Using the material that follows, work out how many lines include the word "with". Your answer should be that number only.

BEGIN Source information

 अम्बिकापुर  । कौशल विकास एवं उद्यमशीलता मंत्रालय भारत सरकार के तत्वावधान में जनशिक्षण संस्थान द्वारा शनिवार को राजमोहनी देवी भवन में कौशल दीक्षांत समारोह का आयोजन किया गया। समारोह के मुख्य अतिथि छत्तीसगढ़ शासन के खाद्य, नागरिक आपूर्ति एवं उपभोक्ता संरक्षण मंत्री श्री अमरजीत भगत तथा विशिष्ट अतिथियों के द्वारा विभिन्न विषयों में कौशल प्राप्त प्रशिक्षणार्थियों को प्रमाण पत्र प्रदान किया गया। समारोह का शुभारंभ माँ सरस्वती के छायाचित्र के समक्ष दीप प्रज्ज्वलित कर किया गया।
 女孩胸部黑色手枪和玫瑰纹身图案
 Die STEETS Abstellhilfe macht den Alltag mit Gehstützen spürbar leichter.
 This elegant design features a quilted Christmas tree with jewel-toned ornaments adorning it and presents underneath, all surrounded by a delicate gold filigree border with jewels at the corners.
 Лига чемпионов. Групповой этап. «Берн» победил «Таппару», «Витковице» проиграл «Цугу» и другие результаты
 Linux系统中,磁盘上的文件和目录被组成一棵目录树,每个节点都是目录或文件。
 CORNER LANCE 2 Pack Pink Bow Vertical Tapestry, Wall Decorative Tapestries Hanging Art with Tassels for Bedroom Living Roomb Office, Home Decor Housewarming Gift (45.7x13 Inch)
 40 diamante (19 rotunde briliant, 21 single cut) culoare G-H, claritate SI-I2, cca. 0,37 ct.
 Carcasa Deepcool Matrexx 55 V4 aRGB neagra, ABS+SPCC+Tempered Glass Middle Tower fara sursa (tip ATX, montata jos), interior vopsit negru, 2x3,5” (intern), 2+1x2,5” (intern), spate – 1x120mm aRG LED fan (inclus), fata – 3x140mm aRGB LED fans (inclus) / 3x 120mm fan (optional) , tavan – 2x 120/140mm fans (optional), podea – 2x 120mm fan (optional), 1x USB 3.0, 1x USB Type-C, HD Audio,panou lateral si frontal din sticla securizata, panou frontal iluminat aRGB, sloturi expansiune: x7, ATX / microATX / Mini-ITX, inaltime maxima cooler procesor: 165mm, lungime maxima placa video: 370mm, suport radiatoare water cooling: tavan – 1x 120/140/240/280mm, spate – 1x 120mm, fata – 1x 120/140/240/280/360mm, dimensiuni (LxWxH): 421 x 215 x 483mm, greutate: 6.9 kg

END Source information

» Written response: 2